Analyzing Netflow Data with xGT

This sample script loads raw NetFlow data in a xGT graph structure and query for a graph pattern.

The dataset used is from the CTU-13 open source project: https://mcfp.weebly.com/the-ctu-13-dataset-a-labeled-dataset-with-botnet-normal-and-background-traffic.html

Raw data reduce example:

StartTime   SrcAddr       DstAddr      State    sTos    dTos    TotPkts     TotBytes 
2011/08/16  147.32.86.58  77.75.73.9   SR_A     0.0     0.0     3           182
2011/08/16  147.32.3.51   147.32.84.46 S_RA     0.0     0.0     4           124

Important fields are source IP address "SrcAddr" and target IP address "DstAddr", they define the edges of the graph, each IP address is a vertex.

The xGT graph structure needs a list of vertices and a list of edges to create the Graph.

The unique IP address list is compiled from the NetFlow data fields SrcAddr and DstAddr. The IP list is cleaned: removal of the the duplicates and the record that are not recognized IP addresses. The edge data can also be enriched by adding information about the geographical location of the IP addresses. This is done in the fourth script below, which adds latitude and longitude. Then each row will get an integer unique key. Using an integer as a key instead of a IP address speeds up TQL queries.

The edge list will also require some cleaning.

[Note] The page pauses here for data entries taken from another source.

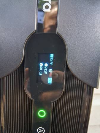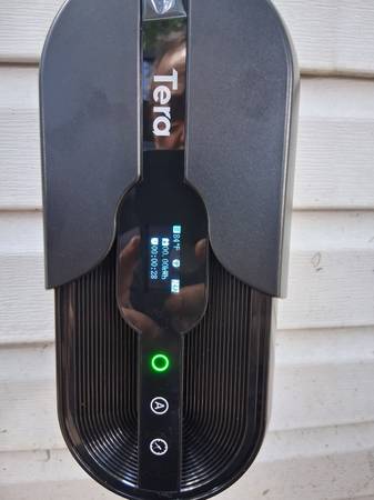 Tera wall-mounted Level 2 EV Charger, 240V, 24A output. Digital display with temperature, voltage, current, and WiFi indicator. Works with most EVs (J1772 plug).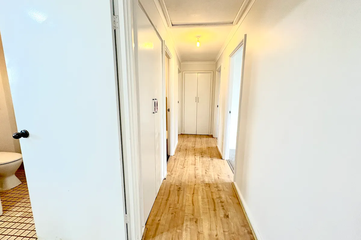The home features three bedrooms, all recently refreshed with new carpets and individual wall air conditioning units. Two bedrooms offer space for future built-in robes. Additional features include a central hallway with linen storage, horizontal blinds on all windows, and a practical bathroom complete with bath, shower, vanity, and mirrored cabinet.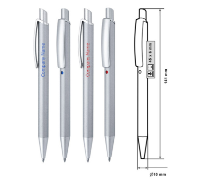 Размер на артикула: Ø10х141 mm. Печатаемо поле: 45х6 mm. Печат: тампонен, ситопечат, гравиране. Цветно покритие при гравиране.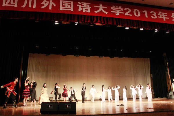 5月29日晚,由校教务处和校团委主办、国际关系学院承办的四川外国语大学2013年外语晚会在东区大礼堂拉开帷幕。四川外国语大学王鲁男副校长、校教务处廖峻副处长、校团委丁欢书记、校团委陈派副书记和各院系师生一同观看了晚会。在历时两天的活动中,由各二级学院、系、部及附属中学等单位选送的共12个语种、21个外语短剧纷纷登台,为川外师生带来了一场多语种、高水平的戏剧视听饕餮盛宴。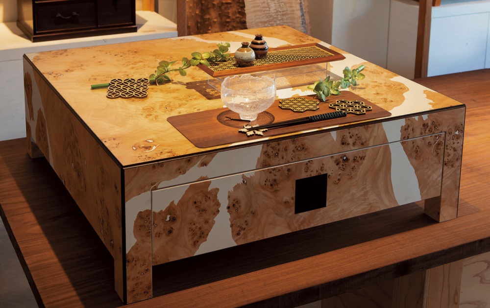 這種傳統斗櫃看起來莊重嚴肅,不過有一家名為 Furnitureholic 的工坊就在新近的設計中增添了玩趣,他們將製作簞笥的技巧應用在其他用途,例如改用彩色鐵件、加上滑桿和輪子,簞笥便搖身一變成為滑輪行李箱。Furnitureholic 也和其他越前匠師有過各式各樣的合作,例如使用「指物」榫接法製作拐杖,再經越前漆藝塗裝,或是在文具木盒上以越前和紙裝飾。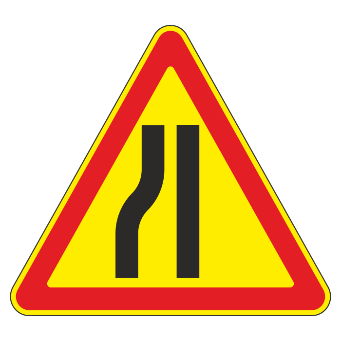 Дорожный знак 1.20.3 «Сужение дороги» (временный) (металл 0,8 мм, II типоразмер: сторона 900 мм, С/О пленка: тип А инженерная) в Кашире купить
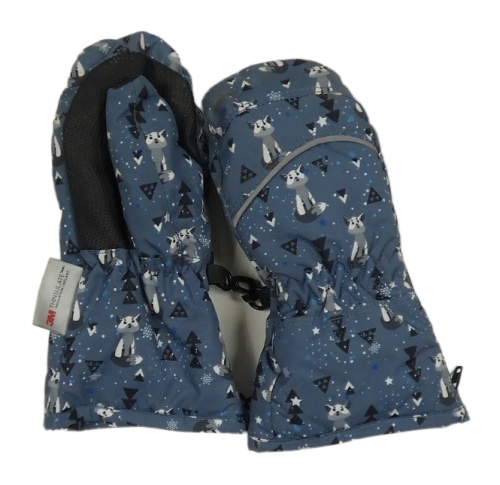 Šedomodré šusťákové palcové zimní rukavice s liškami

The date format of the input row StartTime needs to be modified to match the xGT data type DateTime, and the IP addresses of the SrcAddr and the DstAddr fields need to be replaced with the corresponding key numbers in the vertex.

The vertex table and the edge table will be created in xGT with their respective schema, before the data can be loaded. Edge and vertex data are ingested in the tables. To do so, DataFrames are transformed into lists of strings, where each string is a concatenation of all the columns of the rows. The list of strings is the input of the the ingestion function, if the input list is bigger than 100,000 rows is it recommended to split the input file in smaller sub lists. An example is provided.

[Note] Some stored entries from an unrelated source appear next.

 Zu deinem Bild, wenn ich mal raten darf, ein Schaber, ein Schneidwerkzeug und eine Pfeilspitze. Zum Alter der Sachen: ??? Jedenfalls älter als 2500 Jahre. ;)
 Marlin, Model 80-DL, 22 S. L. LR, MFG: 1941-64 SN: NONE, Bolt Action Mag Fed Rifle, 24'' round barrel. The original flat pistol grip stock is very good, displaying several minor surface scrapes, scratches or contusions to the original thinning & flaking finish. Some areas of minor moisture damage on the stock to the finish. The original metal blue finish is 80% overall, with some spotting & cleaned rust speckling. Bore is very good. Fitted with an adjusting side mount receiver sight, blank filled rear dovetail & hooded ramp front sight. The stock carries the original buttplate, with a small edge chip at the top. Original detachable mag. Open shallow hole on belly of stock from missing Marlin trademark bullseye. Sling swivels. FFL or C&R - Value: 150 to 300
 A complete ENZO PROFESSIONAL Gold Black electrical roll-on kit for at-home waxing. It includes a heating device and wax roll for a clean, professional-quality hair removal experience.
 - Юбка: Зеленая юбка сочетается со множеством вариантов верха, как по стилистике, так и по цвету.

After the vertex table and the edge table have been loaded in xGT, the graph can be generated, and a query can be run against the graph.

The query sample is looking for a triangular transaction pattern between 3 distinct locations where location A first contacted location B which then contacted location C that finally contacted back location A, the 3 transactions occurred in order.

Pandas DataFrame are used to manipulate the data, but Python List or Numpy Array can do the same.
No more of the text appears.